### WHAT YOU HAVE TO DO
Look through the listing below for the line with "ケアライフ門司 4月DSスケジュール&献立" and the line with "Нижний Новгород во". Copy both, along with every line between them, exactly and with no pictures.

### PROVIDED DATA
################

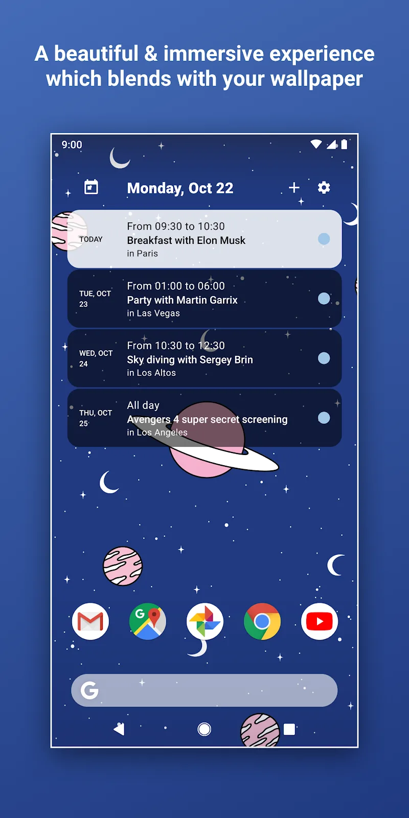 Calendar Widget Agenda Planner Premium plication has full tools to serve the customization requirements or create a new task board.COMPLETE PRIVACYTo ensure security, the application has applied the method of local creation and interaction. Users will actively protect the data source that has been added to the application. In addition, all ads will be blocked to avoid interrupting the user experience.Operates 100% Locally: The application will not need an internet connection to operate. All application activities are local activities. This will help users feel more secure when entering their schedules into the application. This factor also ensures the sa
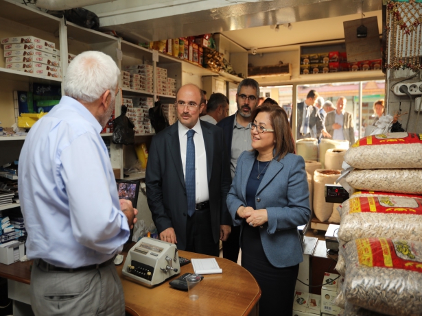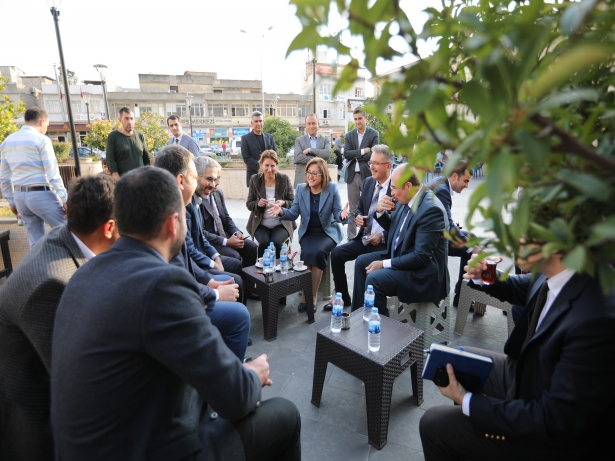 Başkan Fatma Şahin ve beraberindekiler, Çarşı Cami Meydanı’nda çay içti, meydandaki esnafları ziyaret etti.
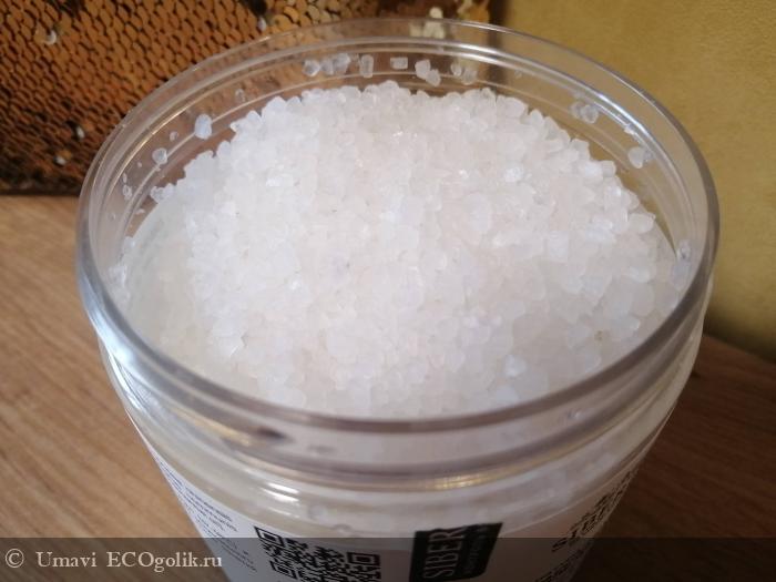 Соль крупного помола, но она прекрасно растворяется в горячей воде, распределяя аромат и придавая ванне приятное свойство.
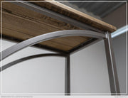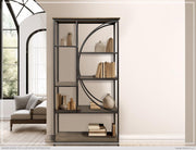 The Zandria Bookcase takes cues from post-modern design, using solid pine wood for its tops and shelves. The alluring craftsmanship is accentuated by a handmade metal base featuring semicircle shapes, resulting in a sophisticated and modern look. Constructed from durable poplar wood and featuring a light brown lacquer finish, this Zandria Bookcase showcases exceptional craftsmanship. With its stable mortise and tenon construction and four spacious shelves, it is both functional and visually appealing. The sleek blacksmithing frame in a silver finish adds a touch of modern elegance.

################

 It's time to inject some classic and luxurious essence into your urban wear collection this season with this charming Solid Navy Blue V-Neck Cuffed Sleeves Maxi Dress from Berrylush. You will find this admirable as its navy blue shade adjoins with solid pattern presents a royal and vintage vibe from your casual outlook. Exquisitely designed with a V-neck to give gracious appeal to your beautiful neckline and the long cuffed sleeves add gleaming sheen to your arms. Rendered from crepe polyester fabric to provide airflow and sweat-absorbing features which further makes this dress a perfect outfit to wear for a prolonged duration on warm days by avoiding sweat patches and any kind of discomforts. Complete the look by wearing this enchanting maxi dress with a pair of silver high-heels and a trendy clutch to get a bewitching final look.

################

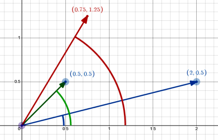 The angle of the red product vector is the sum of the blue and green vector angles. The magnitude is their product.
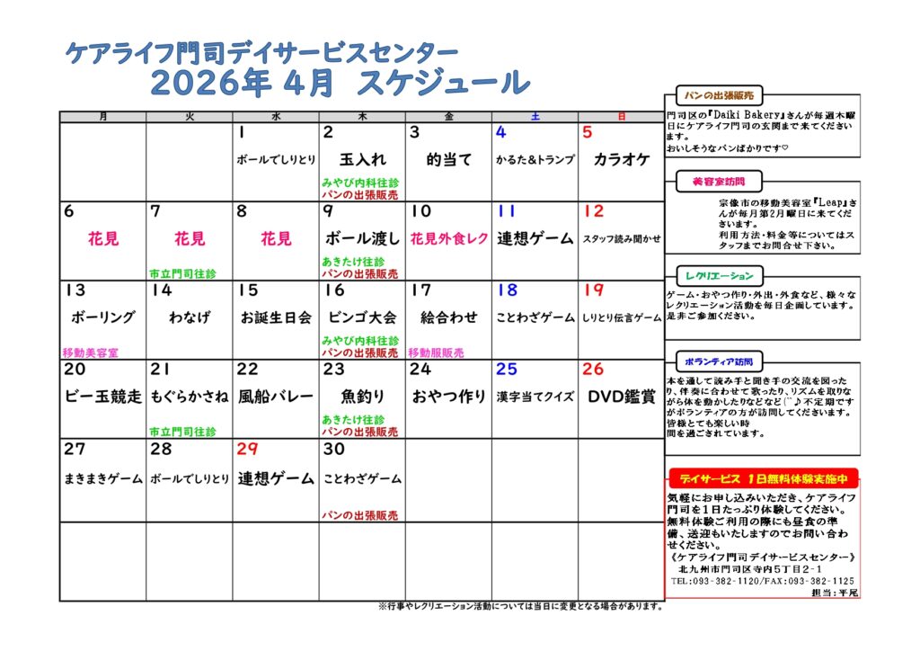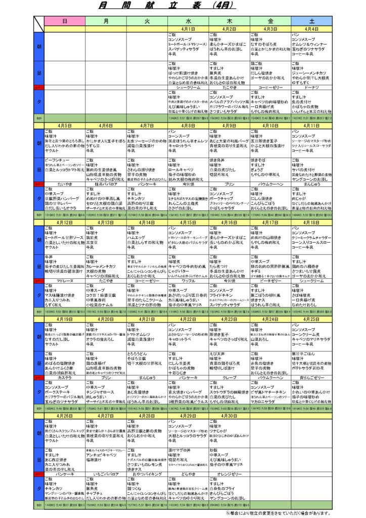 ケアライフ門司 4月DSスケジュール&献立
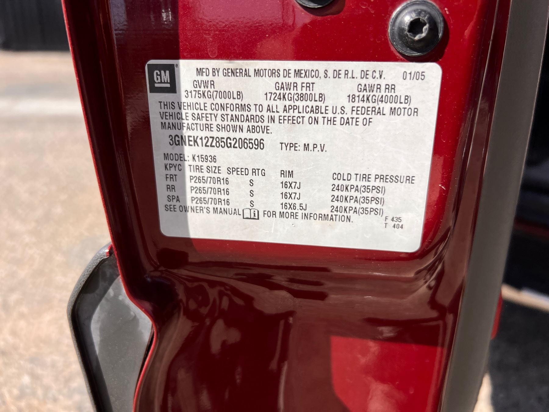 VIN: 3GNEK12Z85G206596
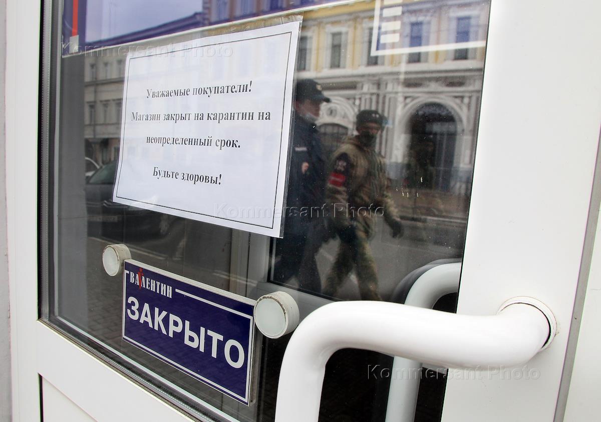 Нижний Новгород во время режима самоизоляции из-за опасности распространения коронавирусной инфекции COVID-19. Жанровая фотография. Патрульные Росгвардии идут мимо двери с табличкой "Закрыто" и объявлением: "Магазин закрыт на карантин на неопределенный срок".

################

### YOUR SOLUTION
 ケアライフ門司 4月DSスケジュール&献立
 VIN: 3GNEK12Z85G206596
 Нижний Новгород во время режима самоизоляции из-за опасности распространения коронавирусной инфекции COVID-19. Жанровая фотография. Патрульные Росгвардии идут мимо двери с табличкой "Закрыто" и объявлением: "Магазин закрыт на карантин на неопределенный срок".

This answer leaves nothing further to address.